Added SPL_AC_5ARGS_DEVICE_CREATE autoconf configure check

As of 2.6.27 kernels the device_create() API changed to include
a private data argument. This check detects which version of
device_create() function the kernel has and properly defines
spl_device_create() to use the correct prototype.

Fix off-by-1 truncation of hw_serial when converting from integer to string, when writing to /proc/sys/kernel/spl/spl_hostid.
Fixes hostid mismatch which leads to assertion failure when the hostid/hw_serial is a 10-character decimal number:

$ zpool status
pool: lustre
state: ONLINE
lt-zpool: zpool_main.c:3176: status_callback: Assertion `reason == ZPOOL_STATUS_OK' failed.
zsh: 5262 abort zpool status

Minor bug fix in XDR code introduced in last minute change before landing.

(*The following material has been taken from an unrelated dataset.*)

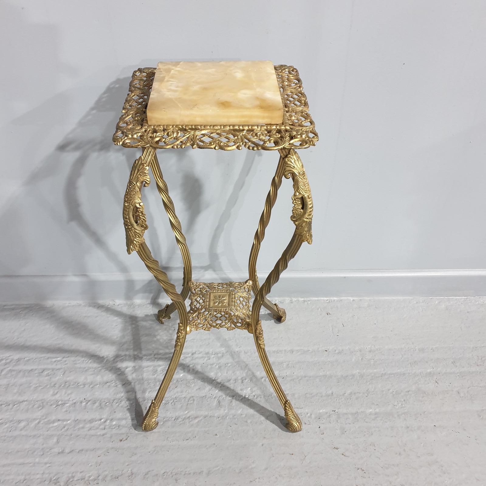 This is a lovely brass plant stand with twisted legs, filagree under shelf and top shelf with marble inset, lovely original condition.

1) Removed xdr_bytesrec typedef which has no consumers. If we re-add
it should also probably be xdr_bytesrec_t.

Add XDR implementation

Added proper XDR implementation (Lustre bug 17662), needed for on-disk
compatibility between platforms of different endianness.

Build system cleanup

1) Undefine non-unique entries in spl_config.h
2) Minor Makefile cleanup
3) Don't use includedir for proper kernel header install

Build System Default Kernel

Update the method used for determining which kernel to build against
when not specified. Previous 'uname -r' was used but this makes the
assumption that the running kernel is the one you want to use, this is
often not the case. It is better to examine the usual kernel-devel
install locations and select one of the installed kernels.

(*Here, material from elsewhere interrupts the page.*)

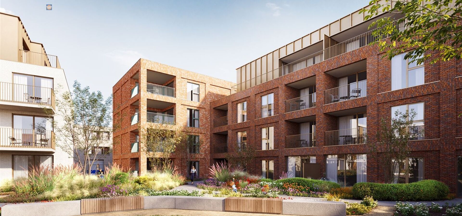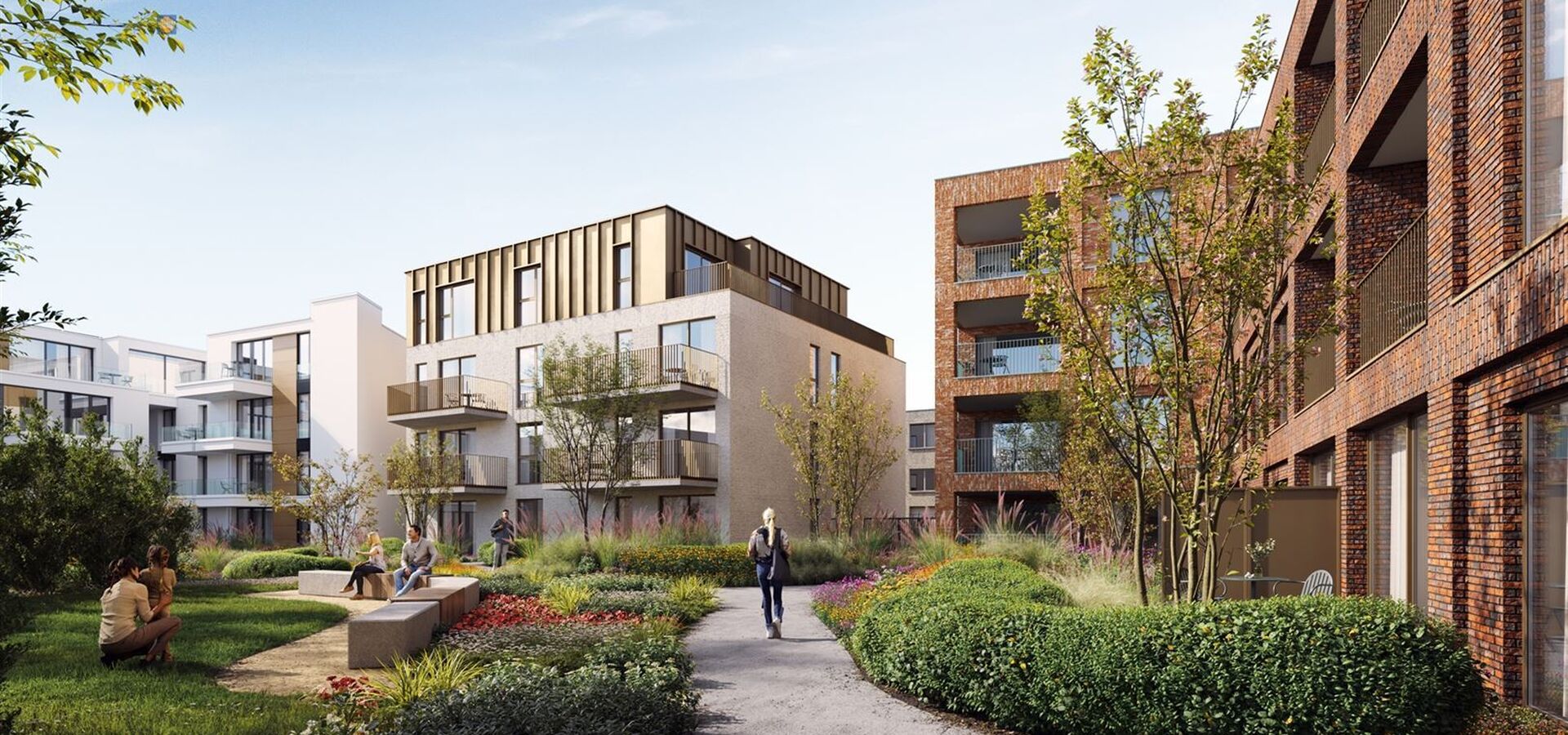 Centraal ligt een veilige, private binnentuin een groenoase die uitnodigt tot ontspanning en ontmoeting. De ondergrondse parking houdt het terrein volledig autovrij. Het project zet bovendien sterk in op duurzaamheid met geothermie, vloerverwarming en uitstekende isolatie.

Build system and packaging (RPM support)

An update to the build system to properly support all commonly
used Makefile targets these include:

  make all        # Build everything
  make install    # Install everything
  make clean   # Clean up build products
  make distclean  # Clean up everything
  make dist       # Create package tarball
  make srpm       # Create package source RPM
  make rpm        # Create package binary RPMs
  make tags       # Create ctags and etags for everything

Extra care was taken to ensure that the source RPMs are fully
rebuildable against Fedora/RHEL/Chaos kernels.  To build binary
RPMs from the source RPM for your system simply run:

  rpmbuild --rebuild spl-x.y.z-1.src.rpm

This will produce two binary RPMs with correct 'requires'
dependencies for your kernel.  One will contain all spl modules
and support utilities, the other is a devel package for compiling
additional kernel modules which are dependant on the spl.

  spl-x.y.z-1_<kernel version>.x86_64.rpm
  spl-devel-x.y.2-1_<kernel version>.x86_64.rpm

XXX: Temporarily disable vmem_size().